LONDON--(BUSINESS WIRE)--nVent Electric plc (NYSE:NVT) (“nVent”) today announced it has completed the previously announced acquisition of Eldon Holding AB, a privately held European-based enclosures business, for a cash purchase price of approximately $128 million, including repayment of Eldon debt.
nVent is a global leader in enclosures, providing innovative solutions that protect, connect and manage heat in critical electronics, communication, control and power equipment through its nVent HOFFMAN and nVent SCHROFF brands.
“Eldon is highly complementary to our enclosures business. The company has been focused on strengthening its digital capabilities to serve customers with velocity – aligning extraordinarily well with our strategy,” said Beth Wozniak, nVent CEO. “Our teams are working to smoothly integrate the Eldon business, and we’re excited to welcome many new team members. Together, we will be able to quickly respond to customers around the world and provide advanced and flexible solutions while strengthening our global growth opportunities.”
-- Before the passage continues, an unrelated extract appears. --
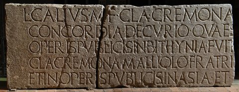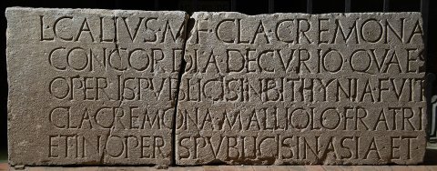 - L(ucius) Calius M(arci) f(ilius) Cla(udia) Cremona [---] / Concordia decurio quaes[tor ---] / operis publicis in Bithynia fuit [--- Calio M(arci) f(ilio)] / Cla(udia) Cremona Malliolo fratri [---] / et in operis publicis in Asia et [---]

About nVent nVent is a leading global provider of electrical connection and protection solutions. We believe our inventive electrical solutions enable safer systems and ensure a more secure world. We design, manufacture, market, install and service high performance products and solutions that connect and protect some of the world's most sensitive equipment, buildings and critical processes. We offer a comprehensive range of enclosures, electrical connections and fastening and thermal management solutions across industry-leading brands that are recognized globally for quality, reliability and innovation. Our principal office is in London, United Kingdom and our management office in the United States is in Minneapolis, Minnesota. Our robust portfolio of leading electrical product brands dates back more than 100 years and includes nVent CADDY, ERICO, HOFFMAN, RAYCHEM, SCHROFF and TRACER. nVent, CADDY, ERICO, HOFFMAN, RAYCHEM, SCHROFF and TRACER are trademarks owned or licensed by nVent Services GmbH or its affiliates.
All statements made about the anticipated benefits of the acquisition, are forward-looking statements subject to risks and uncertainties, such as the company’s ability to integrate the acquisition successfully and other risk factors contained in our filings with the Securities and Exchange Commission, including our Annual Report on Form 10-K for the year ended December 31, 2018, as amended.